• The Pleasantry Of Paragraphs

    From Stefan Ram@21:1/5 to All on Sun Jan 26 20:14:09 2025
    TeX has a special demerit for a hyphen at the end of the
    second-to-last line. I don't mind such a hyphen!

    But usually, I dislike a very short word at the end of a
    line, as the "a" in the previous line. Sure, you can always
    write "a~line" to avoid such things, but I think as a general rule,
    one could also have a demerit for a word of one, two, or, maybe,
    three letters at the end of the line. TeX does not have this.

    Then, I also deem it to be elegant when a line ends with
    punctuation like a comma or a period. So, I would add a merit
    for this, which, however, TeX does not do.

    If I would have formatted the second paragraph starting with

    But usually, I dislike a very short word at the end of a line,

    then, I would have avoided both the short "a" at the end and
    would have gained a final comma "," at the end, which to me
    seems more pleasant!

    --- SoupGate-Win32 v1.05
    * Origin: fsxNet Usenet Gateway (21:1/5)
  • From Didier Verna@21:1/5 to Stefan Ram on Mon Jan 27 13:20:24 2025
    ram@zedat.fu-berlin.de (Stefan Ram) wrote:

    but I think as a general rule, one could also have a demerit for a
    word of one, two, or, maybe, three letters at the end of the line.
    TeX does not have this.

    Then, I also deem it to be elegant when a line ends with punctuation
    like a comma or a period. So, I would add a merit for this, which,
    however, TeX does not do.

    Hi Stefan,

    your aesthetic concerns are legit, but I disagree with your conclusion.

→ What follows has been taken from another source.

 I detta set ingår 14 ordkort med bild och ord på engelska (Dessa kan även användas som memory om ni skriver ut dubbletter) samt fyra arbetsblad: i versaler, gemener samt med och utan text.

    First of all, TeX uses demerits for "contextual" information which you
    cannot know in advance because it depends on how the paragraph will be
    broken into lines (comparing two lines, figuring out the second-to-last
    line, etc.). So demerits would be the wrong place to do what you want to
    do.

    In fact, the penalty system is a better place, since it's a context-free weighting system. Which brings me to the second point: the penalty model
    is already powerful enough to express what you need. You mention a~line,
    but you can be less drastic by inserting a specific penalty between
    those words, and you can even vary the penalty in question, for example, depending on the actual size of the short word. In a similar fashion you
    can express a "merit" after a punctuation sign by inserting a negative
    penalty after it.

    Of course, as you mention, it would be cumbersome to do all this by
    hand. But since the capability is already in here, it would be a bad
    idea to complicate the Knuth-Plass eve more than it already is. A better solution would be to have a pre-processing stage on the text. Some
    people already do that in a semi-automatic way with regular expressions.

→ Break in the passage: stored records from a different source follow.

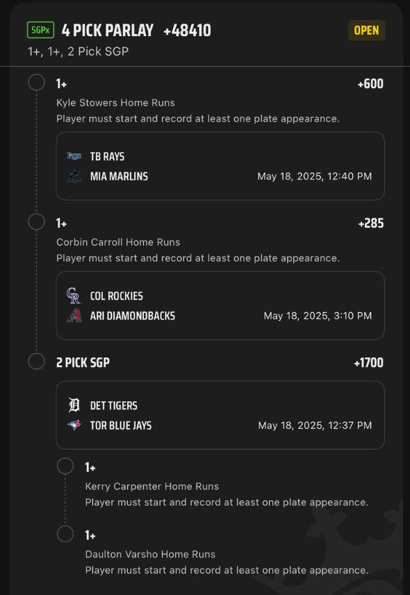 5/18 HR Parlay Discover more from JigsawBets Subscribe to get the latest posts sent to your email. Type your email… Subscribe Share this: Share on X (Opens in new window) X Share on Facebook (Opens in new window) Facebook Like Loading... Related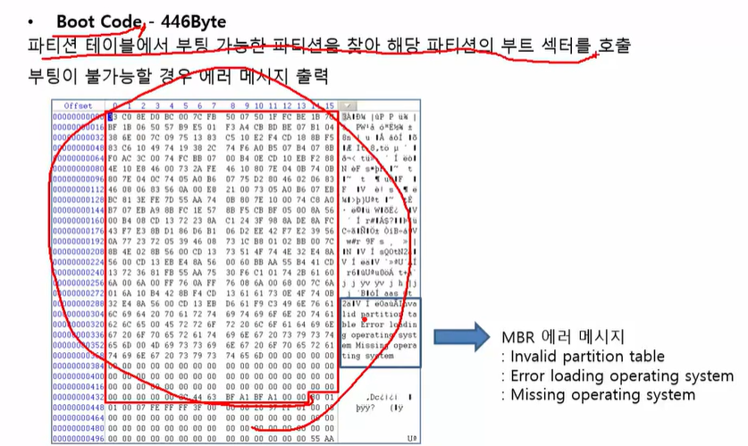 이런 식으로 나와야 한다. 맨 오른쪽에 보이는 알파벳이 섞여 보이는 곳이 MBR 공간임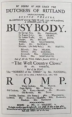 Buxton Theatre Playbill 25 August 1792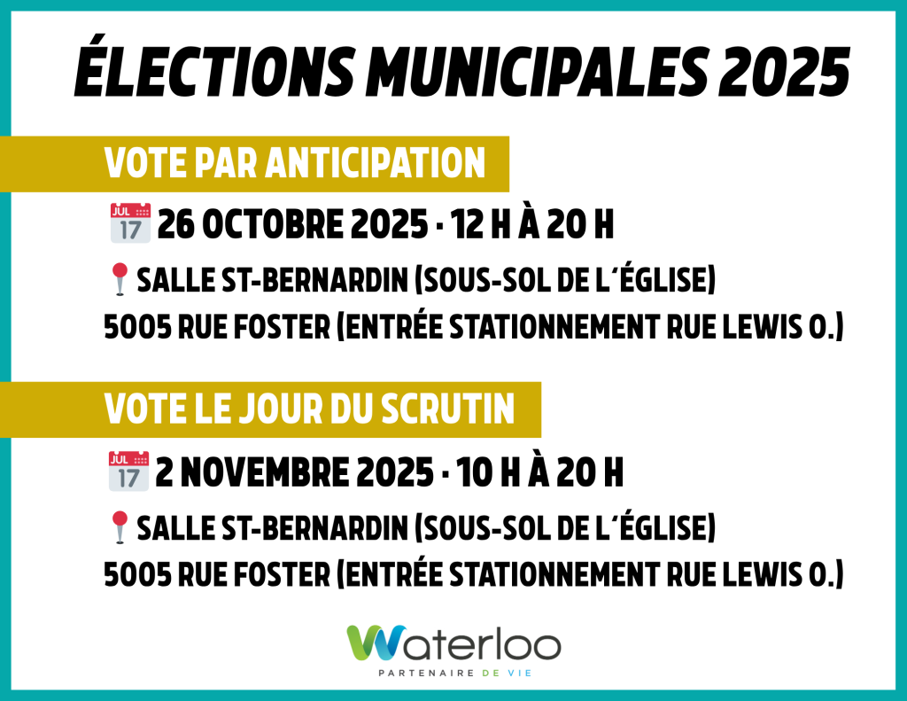 Les élections municipales sont un moment important pour la démocratie locale. Tous les quatre ans, les électrices et les électeurs de la ville de Waterloo sont invités à se présenter aux urnes pour élire des conseillères et des conseillers municipaux et une mairesse ou un maire qui les représenteront.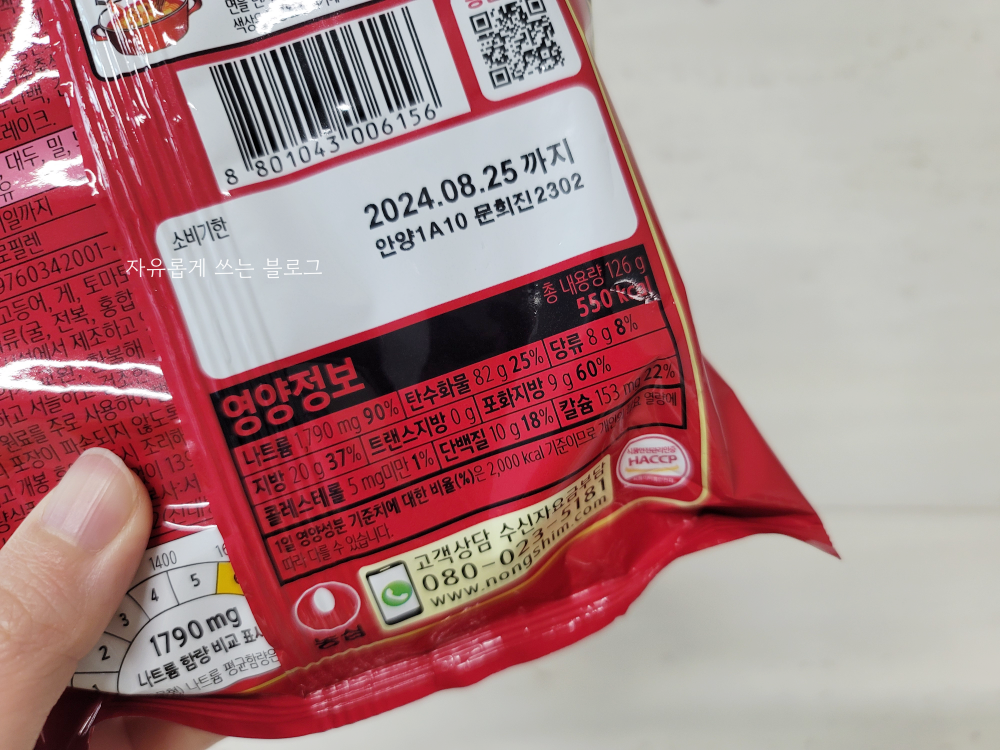 영양 정보가 나와 있는 부분도 찍어 보았네요. 총 내용량 126g에 칼로리는 550kcal입니다.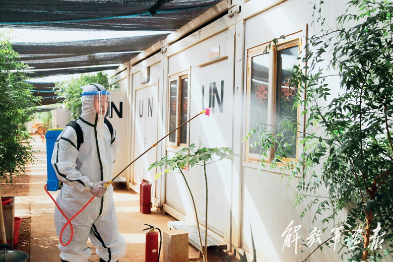 2019年4月17日,第6批赴馬里維和醫(yī)療分隊隊員對營區(qū)進行消殺。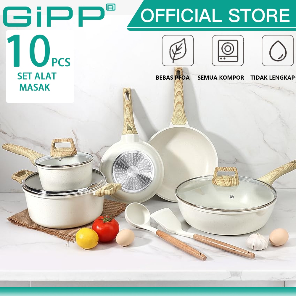 GIPP® Peralatan masak dapur anti lengket set 10 buah penggorengan Wajan die-cast Cocok untuk semua Kompor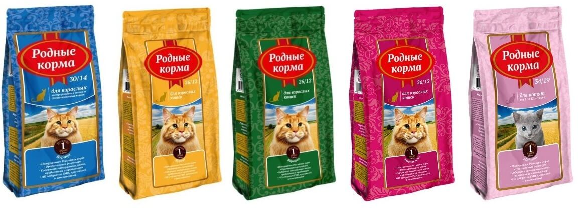 Консервы «Родные корма» изготавливают так: после обработки готовые мясо стерилизуют и закатывают в металлические баночки, предварительно залив желе или соусом. Сухие кусочки — методом экструзии. Отмеренную порцию компонентов высыпают в воду, доводят до состояния жидкой кашицы, выливают её в экструдер (аппарат), нагревают, а затем выдавливают из аппарата. В процессе запеченная кашица нарезается на небольшие гранулы и помещается в сушилки, где из кусочков удаляется практически вся вода.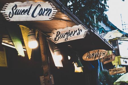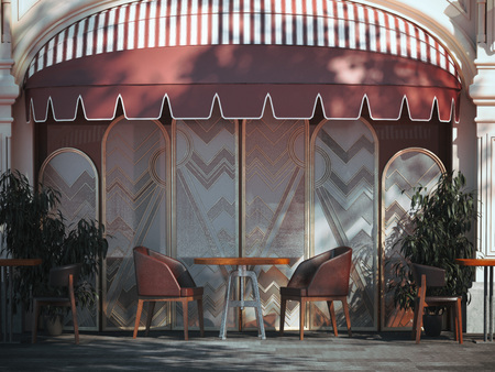 Exterior decoration and furniture at outdoor of cafe, stock photo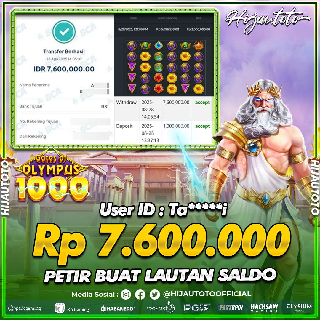 Selamat datang di HIJAUTOTO, tempatnya seru-seruan dan cuan besar! Mulai main cukup dengan modal Rp5.000 aja, taruhan super murah dari Rp100 perak! Mau main slot yang penuh warna? Atau togel dari 20 pasaran paling hits? Atau mungkin tembak ikan yang bikin deg-degan? Tenang, ada juga taruhan bola, sabung ayam, dan live casino yang bikin suasana makin hidup! Daftar sekarang dan dapetin bonus new member 100% langsung, biar modalmu makin tebal. Deposit gampang banget, bisa pakai QRIS, dan kalau butuh bantuan, customer service kita siap 24 jam nonstop. Jadi, tunggu apa lagi? Yuk, gabung dan bawa pulang kemenangannya cuma di HIJAUTOTO!

    In fact, I would even argue that there's already too much in the core of
    TeX. It has two penalties related to hyphenation, but they are
    hard-wired together with the discretionary mechanism, which is not as
    general as it could be: it's not possible to manually adjust the
    breaking penalty for individual discretionaries.

    --
    Resistance is futile. You will be jazzimilated.

    Lisp, Jazz, Aïkido: http://www.didierverna.info

    --- SoupGate-Win32 v1.05
    * Origin: fsxNet Usenet Gateway (21:1/5)
  • From Peter Flynn@21:1/5 to Didier Verna on Thu Jan 30 22:50:44 2025
    On 27/01/2025 12:20, Didier Verna wrote:
    ram@zedat.fu-berlin.de (Stefan Ram) wrote:

    but I think as a general rule, one could also have a demerit for a
    word of one, two, or, maybe, three letters at the end of the line.
    TeX does not have this.

    Then, I also deem it to be elegant when a line ends with punctuation
    like a comma or a period. So, I would add a merit for this, which,
    however, TeX does not do.

    Hi Stefan,

    your aesthetic concerns are legit, but I disagree with your conclusion.

    I agree with both concerns; there are also requirements in some styles
    to automate hanging punctuation, which could be combined with the second
    point. The first point is probably going to lead to some uneven
    justification unless \raggedright is in force (or perhaps \RaggedRight).

    Some people already do that in a semi-automatic way with regular
    expressions.

    A considerable amount can be done in (eg) XSLT when transforming a
    master XML document into LaTeX. For example, detecting a URI at the end
    of a sentence (followed by period, comma, exclamation, question, etc)
    can then insert \thinspace before the punctuation to avoid copy-paste or retyping errors including the punctuation (when hyperref is not used).

    it's not possible to manually adjust the
    breaking penalty for individual discretionaries.

    My home style uses \hyphenation{he-li-co-pter} :-)

    Peter

    --- SoupGate-Win32 v1.05
    * Origin: fsxNet Usenet Gateway (21:1/5)